Problem requirements: Print each entry word for word without images.

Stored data
BEGIN

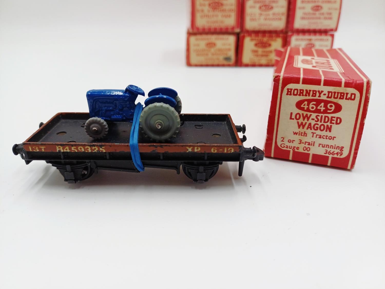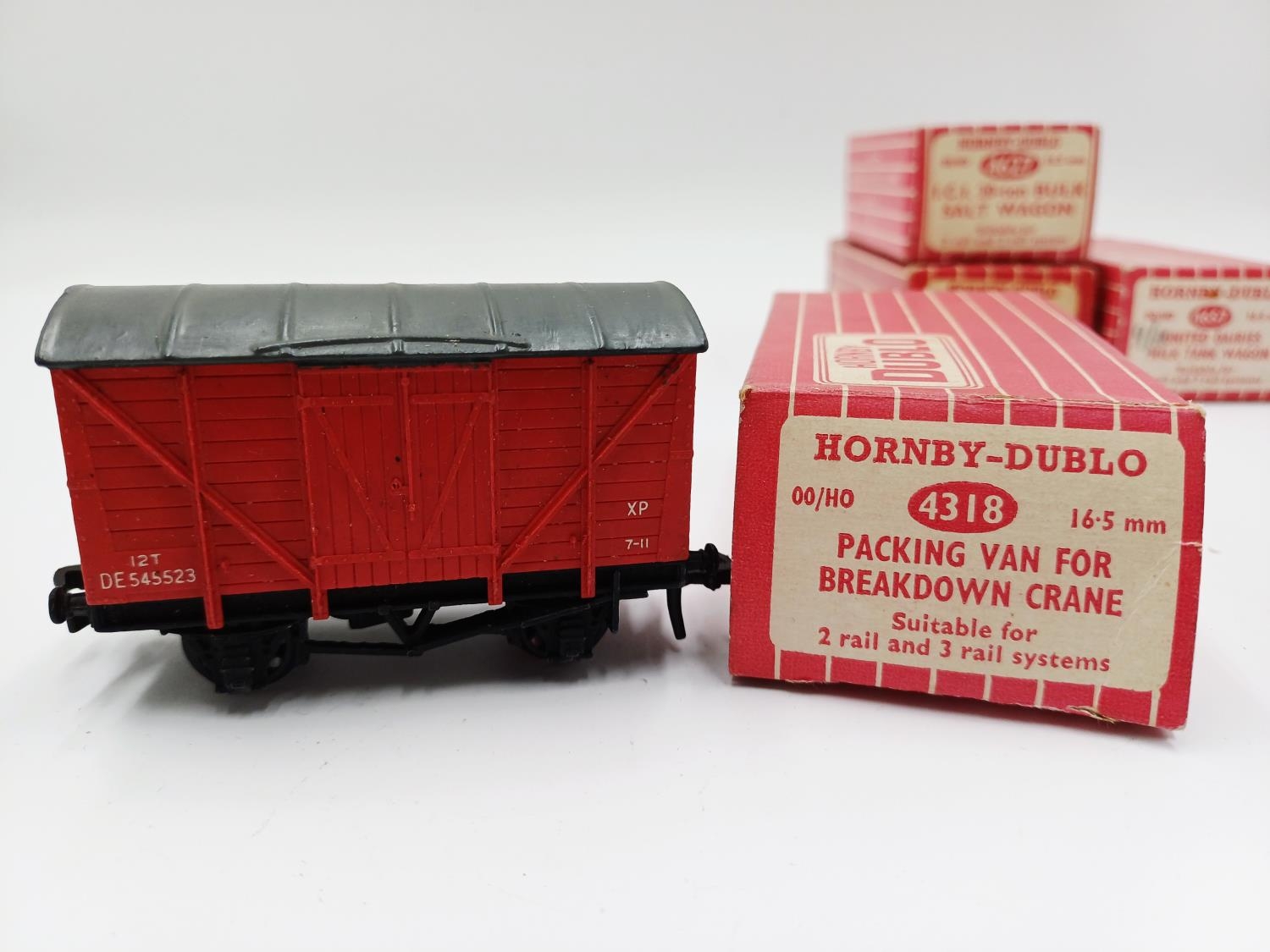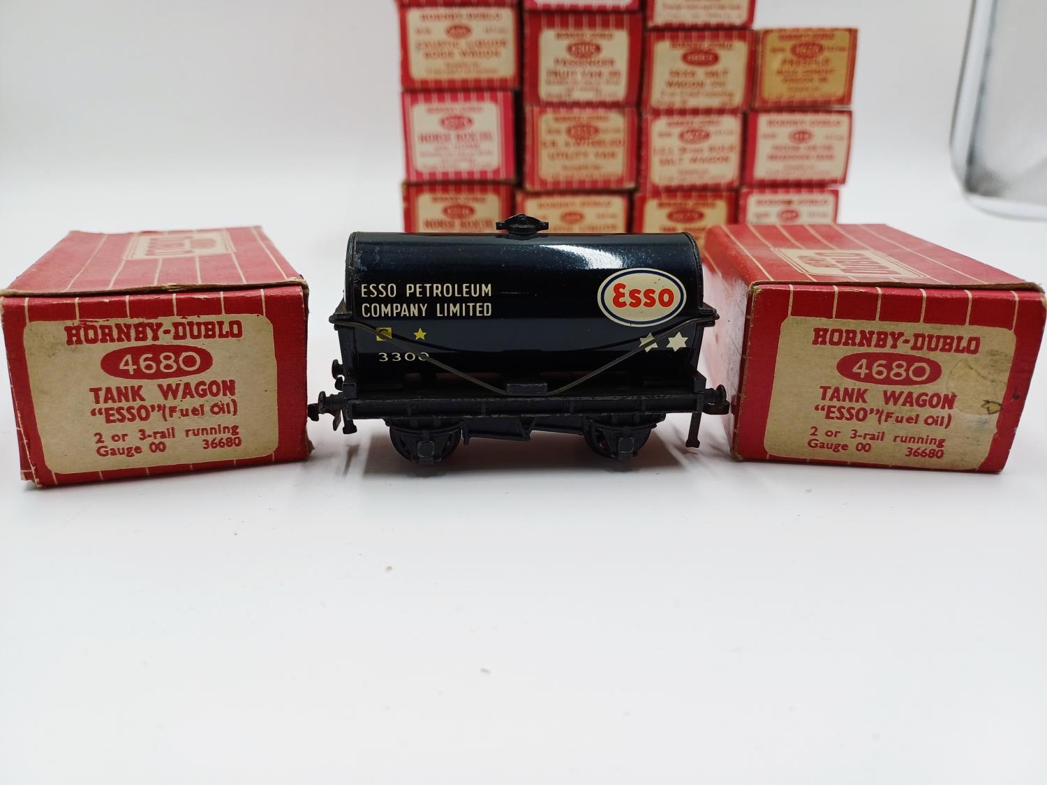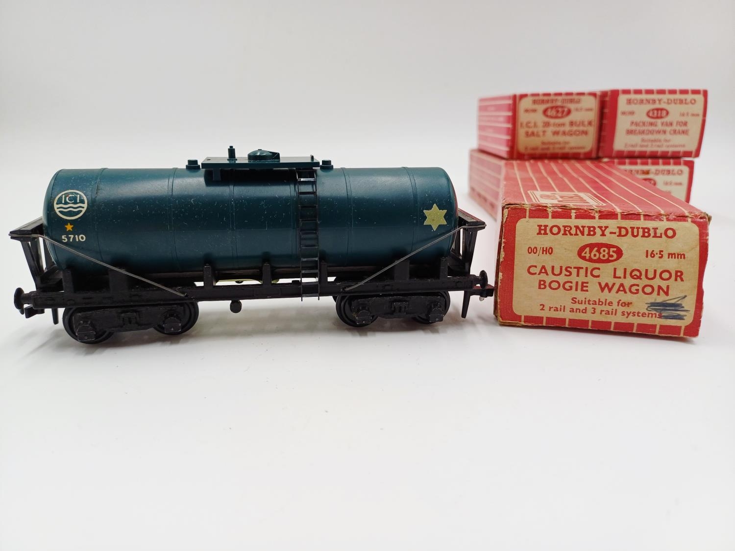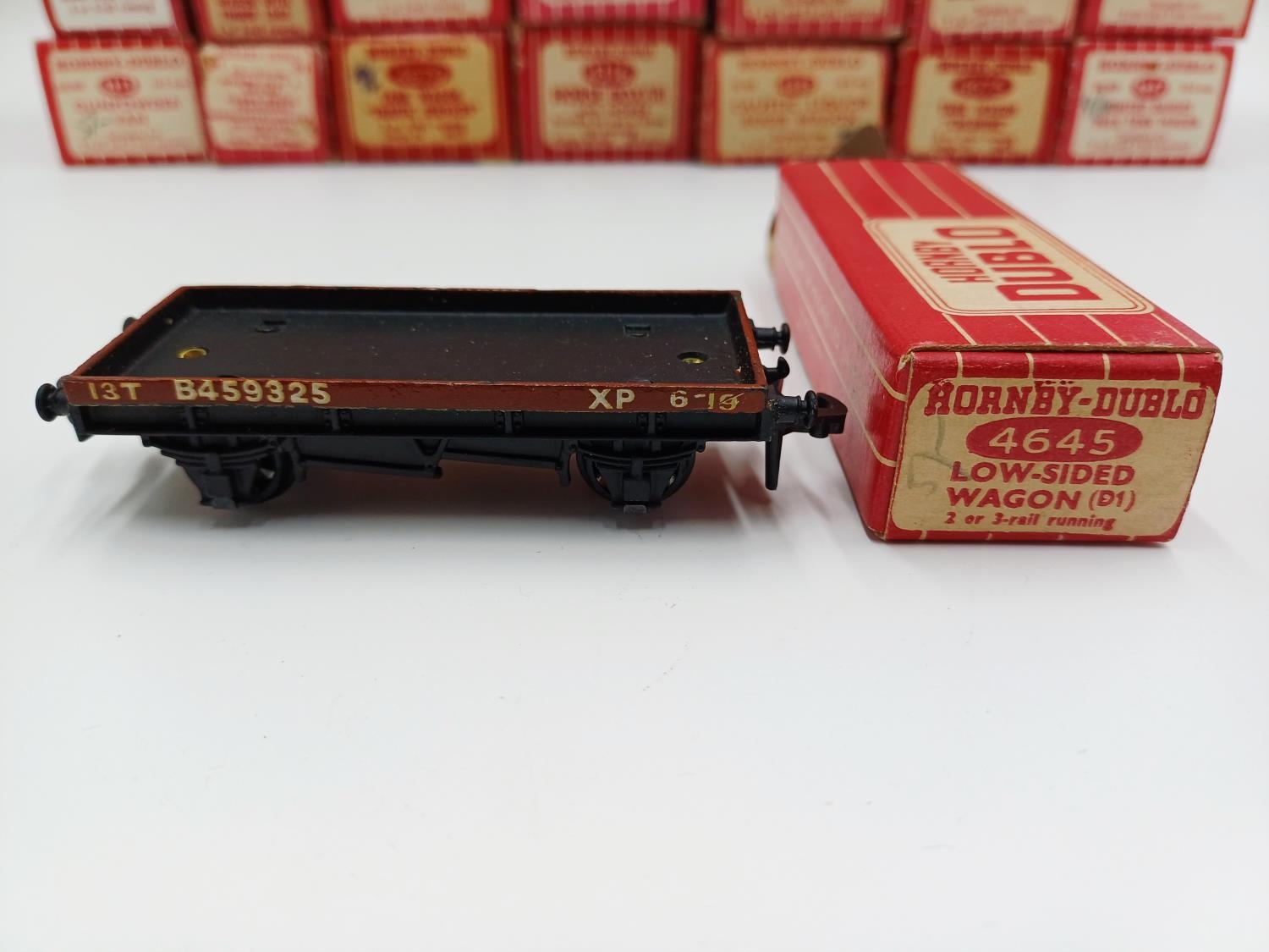 Approx. forty seven boxed Hornby Dublo 00 gauge model railway accessories to include 4305 passenger fruit van, 4316 horsebox, 4679 'Traffic Services' tank wagon, 4675 'Chlorine' tank wagon, 4685 Caustic Liquor bogie wagon, 4652 machine wagon Lowmac etc.
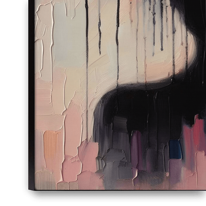 Explore this modern abstract work that places the shadow of a woman in an enchanting light. With deft use of pastel shades and subtle play of light and dark, this work evokes an atmosphere of mystery and sophistication. Experience the subtlety and understated power of this work, and let the elegance of the female form enrich your space…
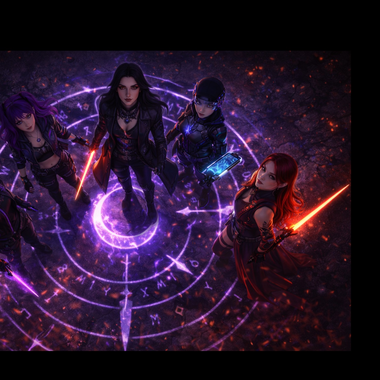 K-pop, female group, dark fantasy, fierce, girl crush concept, heavy bass, powerful synths, dramatic chorus, smooth rap verse, haunting bridge, high energy, polished production, girl group harmonies
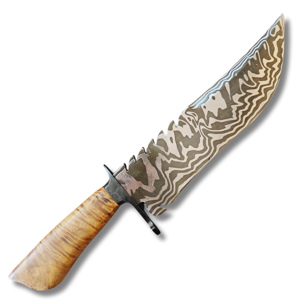 Forjada em aço damasco, reconhecido por sua beleza singular e excelente retenção de fio, esta lâmina oferece sofisticação, resistência e durabilidade. O desenho natural das camadas do damasco reforça sua estética única — uma verdadeira obra de arte em forma de faca.
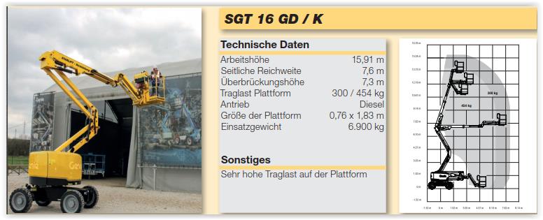Die Gelenkteleskoparbeitsbühnen SGT 16 GD mit Dieselantrieb eignen sich ideal für Bau- und

END

Solved problem:
 Approx. forty seven boxed Hornby Dublo 00 gauge model railway accessories to include 4305 passenger fruit van, 4316 horsebox, 4679 'Traffic Services' tank wagon, 4675 'Chlorine' tank wagon, 4685 Caustic Liquor bogie wagon, 4652 machine wagon Lowmac etc.
 Explore this modern abstract work that places the shadow of a woman in an enchanting light. With deft use of pastel shades and subtle play of light and dark, this work evokes an atmosphere of mystery and sophistication. Experience the subtlety and understated power of this work, and let the elegance of the female form enrich your space…
 K-pop, female group, dark fantasy, fierce, girl crush concept, heavy bass, powerful synths, dramatic chorus, smooth rap verse, haunting bridge, high energy, polished production, girl group harmonies
 Forjada em aço damasco, reconhecido por sua beleza singular e excelente retenção de fio, esta lâmina oferece sofisticação, resistência e durabilidade. O desenho natural das camadas do damasco reforça sua estética única — uma verdadeira obra de arte em forma de faca.
Die Gelenkteleskoparbeitsbühnen SGT 16 GD mit Dieselantrieb eignen sich ideal für Bau- und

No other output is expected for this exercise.